Another interesting mechanic is the generation of Comrades. These are special NPCs that fight alongside the player characters. Mechanically they're sort of like familiars, as each player has direct control over their Comrades by the use of Orders. This doesn't mean that Comrades are expendable by any stretch as certain abilities rely on having a Comrade, and it is to a player's best interest to keep their Comrades alive as long as possible.

Vehicles also a large part in an Imperial Guard game, and vehicle rules account for movement and combat, including some interesting systems critical hit charts that go a long way to simulate the harrowing nature of taking a critical hit while inside a vehicle. Repair rules are also present, giving more opportunities to simulate the "less than ideal" world of living with vehicles that have been patched together by field repairs.

As with all the books in the Warhammer 40k line, the artwork is solid and the layout is readable. I'm glad that the fonts they chose for this are readable while retaining the whole Warhammer 40k vibe. Also of note is the fact that the PDF has been cross-linked, making rules look ups as painless as possible.
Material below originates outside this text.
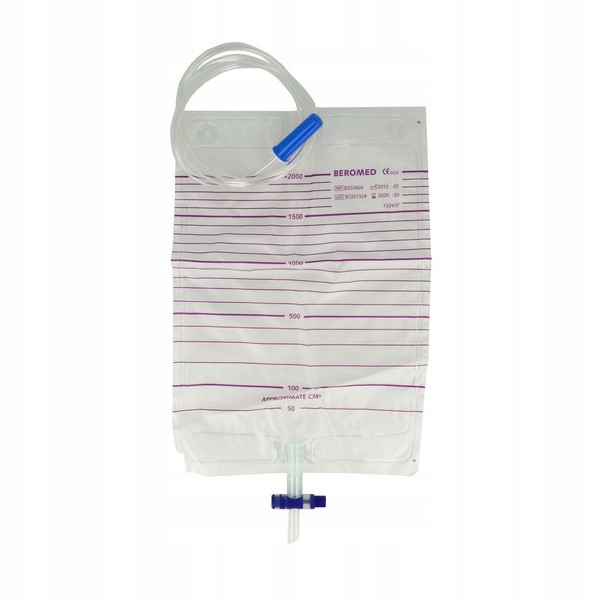 Мешок для сбора мочи объемом 2000 мл предназначен для ежедневного экстракорпорального сбора мочи и других жидкостей организма. Стерильный одноразовый пакет изготовлен из медицинского ПВХ, без содержания латекса. Изделие имеет кран быстрого слива и соединительный слив с универсальным ступенчатым соединителем, закрепленным заглушкой. Дренаж изготовлен из материала, который предотвращает его изгиб и перекручивание, обеспечивая свободный и эффективный отток мочи. Кроме того, изделие имеет усиленные отверстия для подвешивания, подходящие для стандартных вешалок. Мешок для сбора мочи Беромед оснащен системой, предотвращающей возврат мочи в катетер, поэтому он очень гигиеничен. Благодаря усиленной структуре обеспечивает защиту от потери стерильности.

Overall, I feel that Only War is a product that shows just how used to the system the team is already at this point. Furthermore, they have a very strong vision as to what the game should be about and aren't afraid to push that agenda via the rules. There's a lot of fluff discussing the nature of the war and how it grinds humanity down, but it never comes off as too depressing as to be utterly unplayable. There are real opportunities to live (and die) as heroes in the war. It's admittedly not the easiest thing to do in the context of RPGs, but in this case Only War deserves a Medal.

Rating:
[5 of 5 Stars!]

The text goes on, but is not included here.